— DATA FOR THE TASK —
┌──
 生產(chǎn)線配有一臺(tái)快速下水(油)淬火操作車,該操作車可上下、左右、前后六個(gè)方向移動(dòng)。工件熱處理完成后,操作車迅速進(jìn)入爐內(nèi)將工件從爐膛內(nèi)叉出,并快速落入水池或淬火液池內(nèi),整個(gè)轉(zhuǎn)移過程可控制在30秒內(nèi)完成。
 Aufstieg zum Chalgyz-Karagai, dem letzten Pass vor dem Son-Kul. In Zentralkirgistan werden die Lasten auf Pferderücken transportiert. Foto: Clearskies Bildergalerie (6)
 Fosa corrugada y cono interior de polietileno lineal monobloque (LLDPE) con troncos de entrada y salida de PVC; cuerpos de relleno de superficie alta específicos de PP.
└──
┌──
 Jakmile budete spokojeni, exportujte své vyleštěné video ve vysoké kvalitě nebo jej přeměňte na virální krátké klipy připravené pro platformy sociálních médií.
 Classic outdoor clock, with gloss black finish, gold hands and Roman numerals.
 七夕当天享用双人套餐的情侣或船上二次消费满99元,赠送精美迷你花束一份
└──
┌──
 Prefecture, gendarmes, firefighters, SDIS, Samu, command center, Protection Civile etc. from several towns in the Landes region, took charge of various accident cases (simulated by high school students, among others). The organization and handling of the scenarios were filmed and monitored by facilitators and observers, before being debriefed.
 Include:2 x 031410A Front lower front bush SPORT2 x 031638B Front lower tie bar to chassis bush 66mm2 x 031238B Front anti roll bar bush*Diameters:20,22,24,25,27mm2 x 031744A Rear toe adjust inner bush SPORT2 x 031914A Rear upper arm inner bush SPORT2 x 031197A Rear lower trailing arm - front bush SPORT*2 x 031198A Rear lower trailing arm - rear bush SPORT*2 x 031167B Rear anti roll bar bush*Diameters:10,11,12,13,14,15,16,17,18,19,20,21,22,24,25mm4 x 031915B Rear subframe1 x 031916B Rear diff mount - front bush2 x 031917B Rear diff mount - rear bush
└──
— EXERCISE —
Restate word for word the lines in the material above from the one with "生產(chǎn)線配有一臺(tái)快速" to the one with "Fosa corrugada y"; both of those lines count, and nothing else does.

— RESPONSE TO THE TASK —
 生產(chǎn)線配有一臺(tái)快速下水(油)淬火操作車,該操作車可上下、左右、前后六個(gè)方向移動(dòng)。工件熱處理完成后,操作車迅速進(jìn)入爐內(nèi)將工件從爐膛內(nèi)叉出,并快速落入水池或淬火液池內(nèi),整個(gè)轉(zhuǎn)移過程可控制在30秒內(nèi)完成。
 Aufstieg zum Chalgyz-Karagai, dem letzten Pass vor dem Son-Kul. In Zentralkirgistan werden die Lasten auf Pferderücken transportiert. Foto: Clearskies Bildergalerie (6)
 Fosa corrugada y cono interior de polietileno lineal monobloque (LLDPE) con troncos de entrada y salida de PVC; cuerpos de relleno de superficie alta específicos de PP.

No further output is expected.